30. Jordyn

JORDYN

The key turns in the lock with a soft click.

The front door swings open into silence.

It’s like stepping from a roaring ocean into a soundproof room.

Brody leans against the doorframe, his energy gone, a puppet with its strings cut.

His face is pale under the porch light, his eyes glassy with the familiar glaze of a system shutdown.

I move on pure instinct, my hand finding the small of his back to guide him over the threshold.

Shoes first, placed neatly side-by-side.

Our little ritual of re-entry. I flick off the overhead light, leaving only the warm, amber glow of the small lamp on the end table.

The house breathes around us, a comfortable, known space.

The scent of our laundry soap, the faint drone of the refrigerator.

It’s the total opposite of the fundraiser’s assault of popcorn, diesel fumes, and clashing perfumes.

Brody shuffles toward his room, and I follow, a silent shadow ensuring his path is clear.

He pulls on his pajamas with clumsy, tired fingers while I pull back his weighted blanket.

He doesn't need to ask for it. Tonight, the pressure is a necessity.

He crawls into bed and curls on his side, a small, tight knot of boy.

I sit on the mattress, its springs groaning under my weight.
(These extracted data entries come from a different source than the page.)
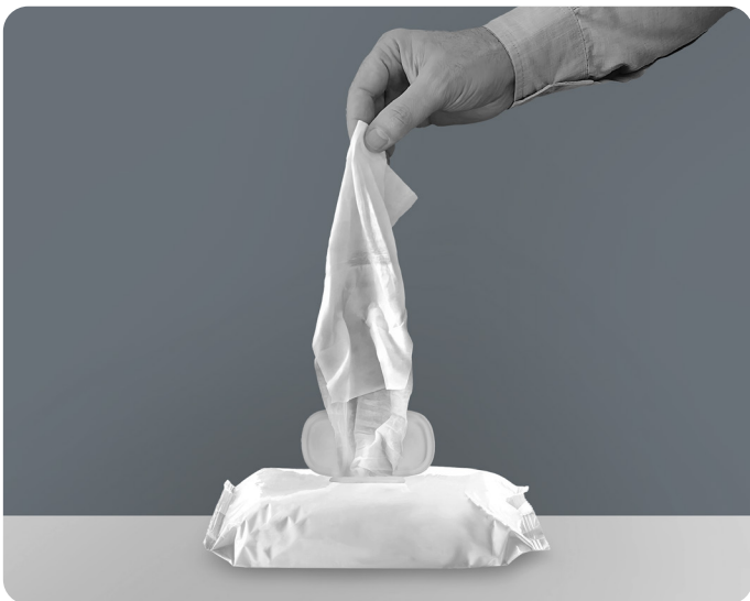
Dispensing wipes produced with current technology
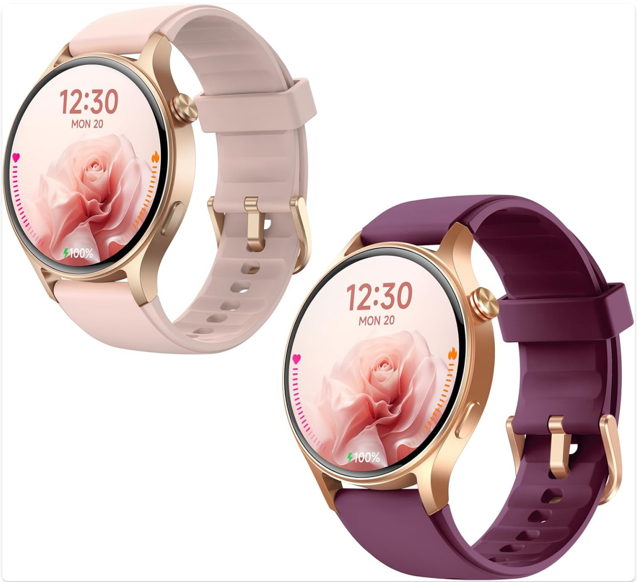
Image: The Fitpolo AR-01 Smartwatch in two color variations.
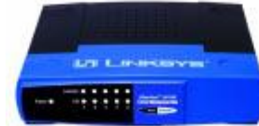
(EFAH05W v2 shown)
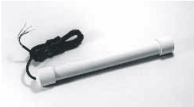
SU-P5050 Standard Probe
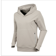
Taupe Melange (S77515-724M)

My hand rests flat on his back, a steady, warm pressure.

I feel the even rise and fall of his breath beneath my palm.

A deep, slow rhythm replaces the shallow, anxious puffs from earlier.

He doesn't fidget. He doesn’t fight the pull of sleep.

He just sinks into it, surrendering to the quiet and the dark, his body finally letting go of the day’s tension.

I stay there long after his breathing deepens, long after his muscles go completely slack.

The house is still. The night outside is still.

Finally, I move to stand. My knees crack in protest. And as my feet take my full weight, it happens.

A physical sensation, like a lead apron dropping over my skull and settling across my shoulders.

The energy that held me together—the frantic scanning, the forced smiles, the careful navigation—evaporates.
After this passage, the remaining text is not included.